Liga de Amadores Brasileiros de Rádio Emissão
- Abbreviation: LABRE
- Formation: February 2, 1934
- Type: Non-profit organization
- Purpose: Advocacy, Education
- Location(s): Brasília, Brazil ​GH64ce;
- Region served: Brazil
- Official language: Brazilian Portuguese
- President: Marcone Cerqueira, PY6MV
- Affiliations: International Amateur Radio Union
- Website: https://www.labre.org.br/

= Liga de Amadores Brasileiros de Rádio Emissão =

Brazilian non-profit organization

The Liga de Amadores Brasileiros de Rádio Emissão (LABRE) (League of Brazilian Amateur Radio Transmitters) is a national non-profit organization for amateur radio enthusiasts in Brazil. LABRE has separate organizations for each state of Brazil. LABRE is recognized by the Brazilian Ministry of Communications. LABRE is the supporting organization for the Rede Nacional de Emergência de Radioamadores (RENER), a voluntary amateur radio emergency communications network in Brazil. LABRE was one of the sponsoring organizations for the 2006 World Radiosport Team Championship held in Florianópolis.

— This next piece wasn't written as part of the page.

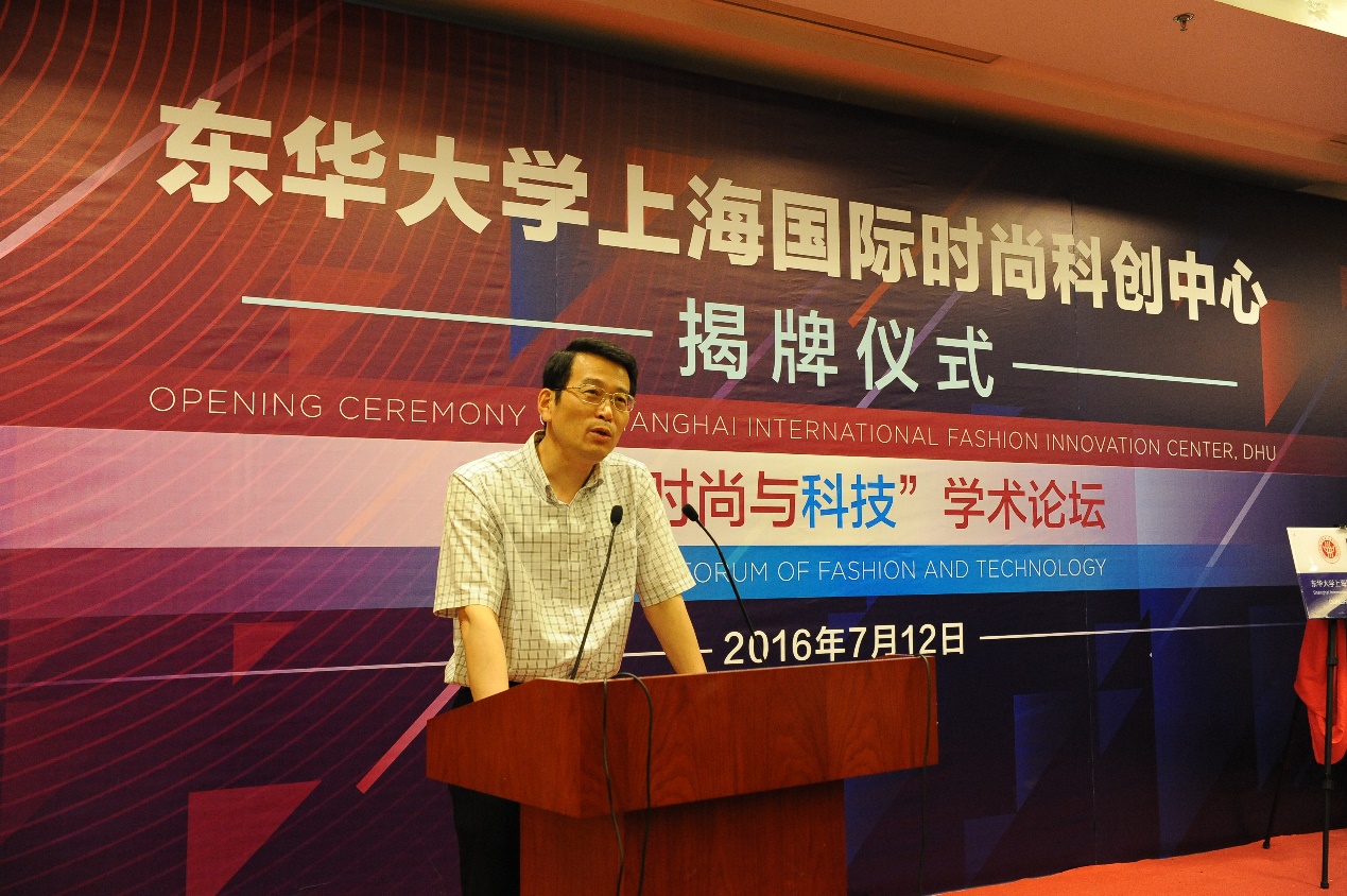 揭牌仪式结束后,举行了以“时尚与科技”为主题的学术论坛。论坛由海派时尚设计及价值创造协同创新中心主任刘晓刚教授主持,范金土教授、张肇达先生、卞向阳教授分别作题为“国际视野的时尚科创”“中国时尚的现在与未来”“上海距离时尚之都的一步之遥”的学术报告。

LABRE is the national member society representing Brazil in the International Amateur Radio Union.

== History ==

LABRE was originally founded on February 1, 1931, in São Paulo, with the purpose of representing Brazilian radio amateurs, officially recognized in Brazil since November 5, 1924 (the first news about radio amateurs in Brazil is from 1909). On February 13, 1933, RBR - Rede Brasileira de Radioamadores (Brazilian Radio Amateurs Network) - was founded in Rio de Janeiro (at the time, the federal capital).

As the two organizations had the same objectives, that of representing Brazilian radio amateurs, hams from São Paulo and Rio de Janeiro met on February 2, 1934 and sealed the unification of the two entities under the name LABRE - Liga de Amadores Brasileiros de Rádio-Emissão, located in Rio de Janeiro. On October 22, 1934, a ceremony officially celebrates the unification of the two associations. In the act of foundation, preserved at the LABRE headquarters, an excerpt stands out: "that since this day, there would be no more rivalries between Brazilian radio amateurs".

=== Organization ===
LABRE has its headquarters, located in Brasília-DF, and subsidiaries in almost all Brazilian states. Each of these state sub-offices represents radio amateurs from their respective state before the central administration of LABRE.